With his students stuck at home because of the coronavirus pandemic, ag teacher Troy Summey had what sounded like a great idea to keep them learning.

Have them winterize the machinery, such as snowblowers or snowmobiles, that they had at home.

Two problems quickly emerged.

Many students didn’t have any equipment to work on, or they didn’t have the tools to winterize it.

“It’s going to be a real challenge,” said Summey, who teaches at Northern High School in Dillsburg, Pennsylvania. “I’m not going to be able to do the hands-on like I’d want to.”

Across the Mid-Atlantic, ag teachers like Summey are facing a similar dilemma as they adapt a curriculum of “learning to do, doing to learn” for virtual platforms.

Teachers are re-evaluating what high schoolers can realistically achieve, and what they will inevitably miss, while trying to remain a positive force in students’ abruptly reorganized lives.

As with many adjustments to social distancing, the shift to online instruction has proceeded unevenly.

Some schools offered enrichment or review for several weeks before launching into new material. Others, in areas with spotty internet access, are offering learning materials and digital office hours with teachers, but they aren’t grading any more work this year, said Darla Romberger, a teacher at Cumberland Valley High School and president of the Pennsylvania Association of Agricultural Educators.

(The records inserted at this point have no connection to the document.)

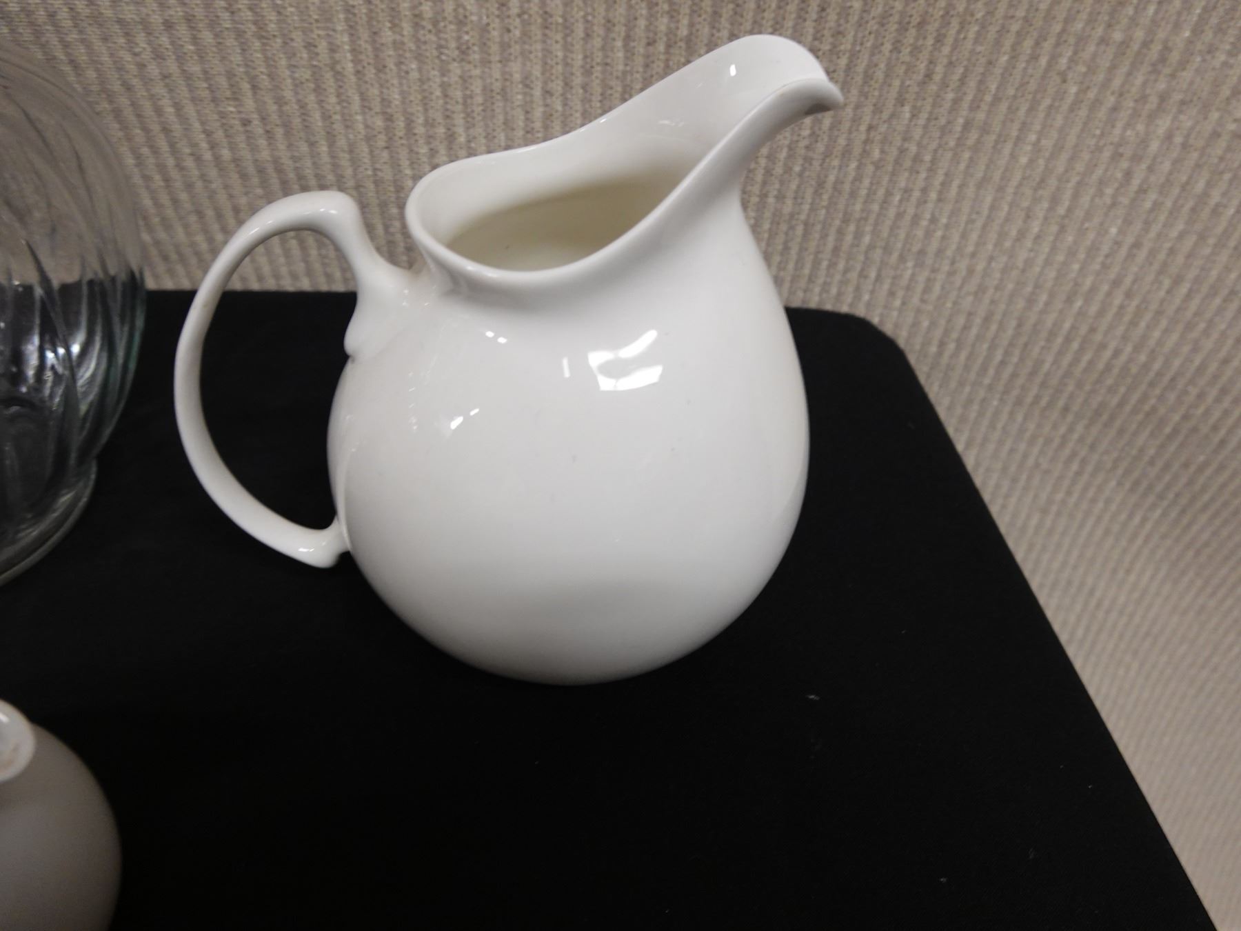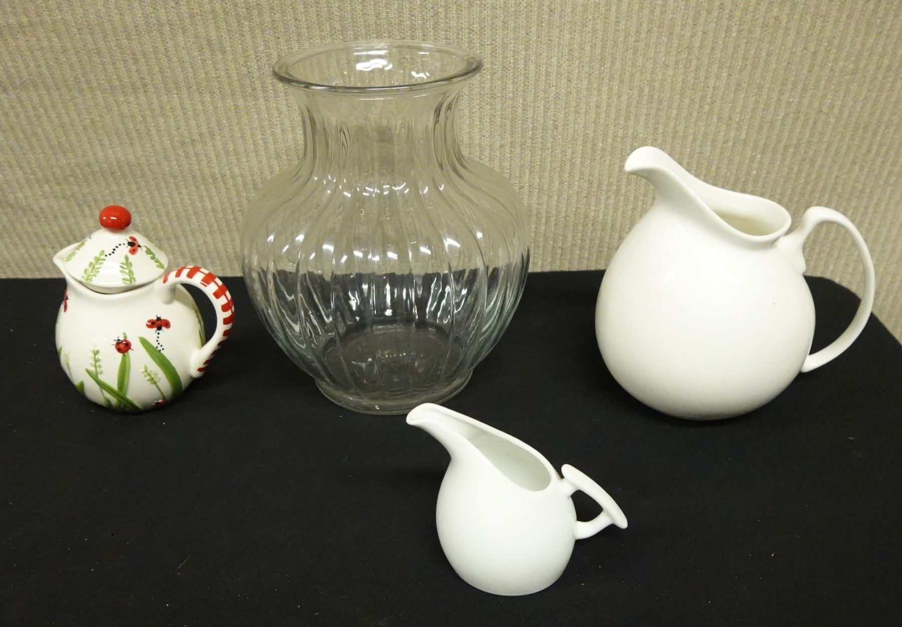Qty 3 Porcelain Creamers & Ribbed Glass Vase, Misc Sizes
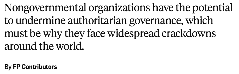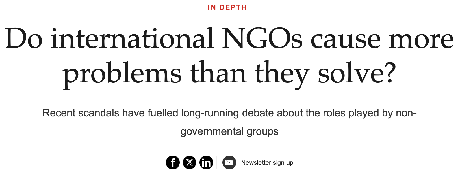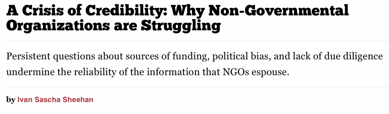 Over the years, there have been many critiques of NGOs. Journalist Michael Hobbes has written about how NGOs, among other entities, have “turned the language of human rights into meaningless babble.”
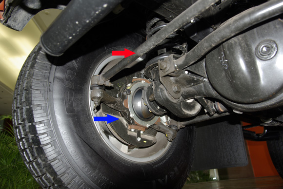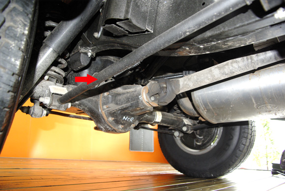 ????衛(wèi)士的后軸采用拖臂式后懸,紅色箭頭所指的拉桿就是拖臂。左右各一根,拖臂及避震機(jī)對后軸的自由度進(jìn)行控制,后軸相對車架的位置和自身的扭轉(zhuǎn)都得到了控制。
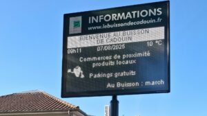 Il existe 2 panneaux lumineux sur le territoire: le premier devant le Pôle de Rencontre, à proximité de la Poste, le second à l’entrée du parking de l’église du Buisson.
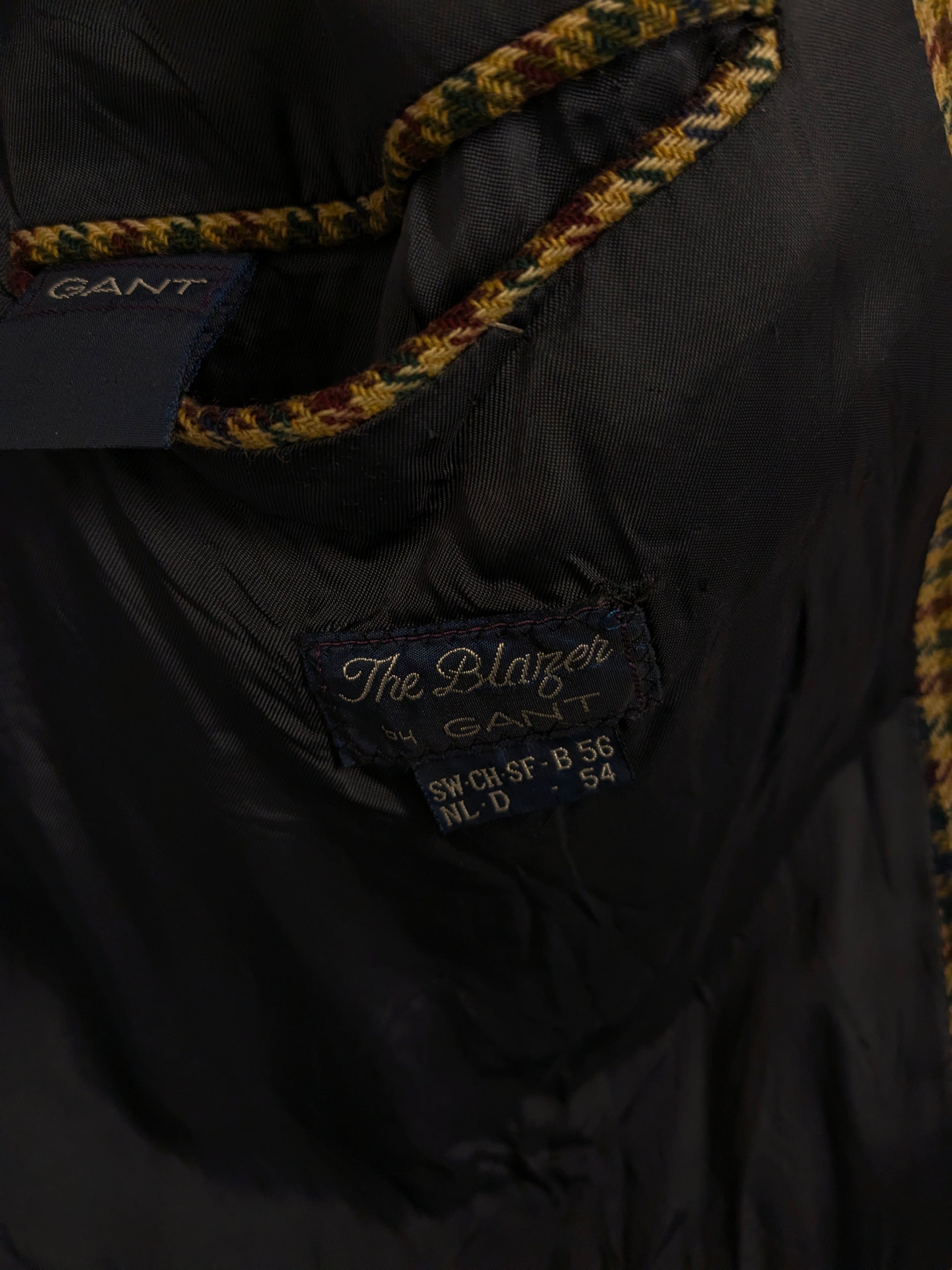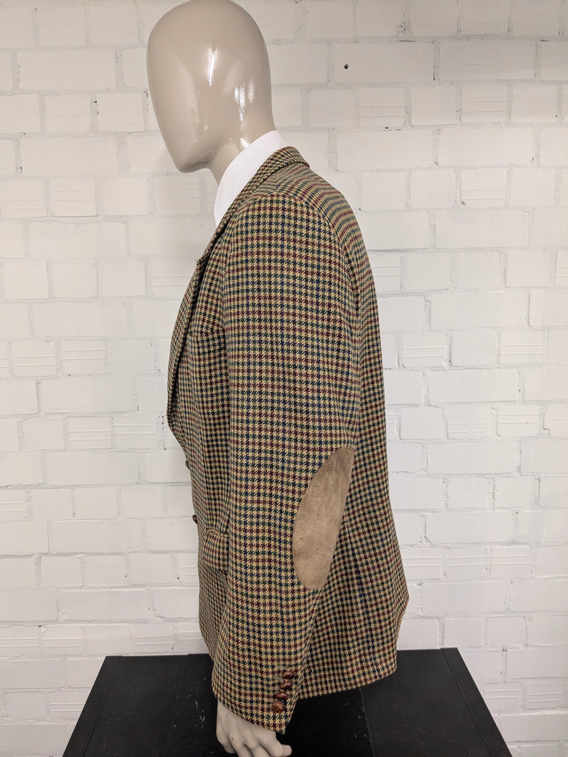 Vintage gant "The Blazer" woolen jacket with elbow strokes. Green red blue blocked. Size 54.
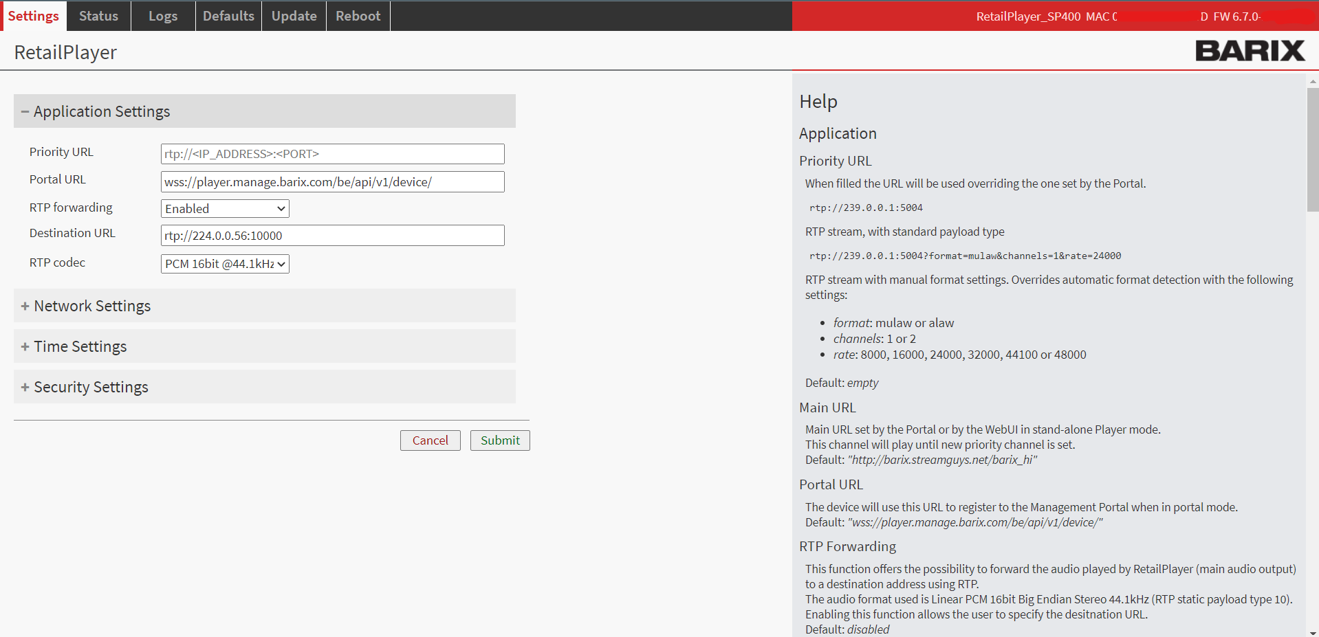 RetailPlayer allows firmware updates either locally via its web interface or remotely through the Portal (see the Update Page section for details).

As much as possible, teachers are encouraging students to develop hands-on skills on their own at home — plant seeds, groom a rabbit, work with their dog.

And teachers are posting videos of things students would normally learn by doing, like livestock judging, or that they shouldn’t try on their own, like welding.

Jennie Balmer, an ag teacher at Northern Lebanon High School in Fredericksburg, Pennsylvania, has assigned the students in her greenhouse class to plant an outdoor garden plot.

Students must record their work through photos and videos.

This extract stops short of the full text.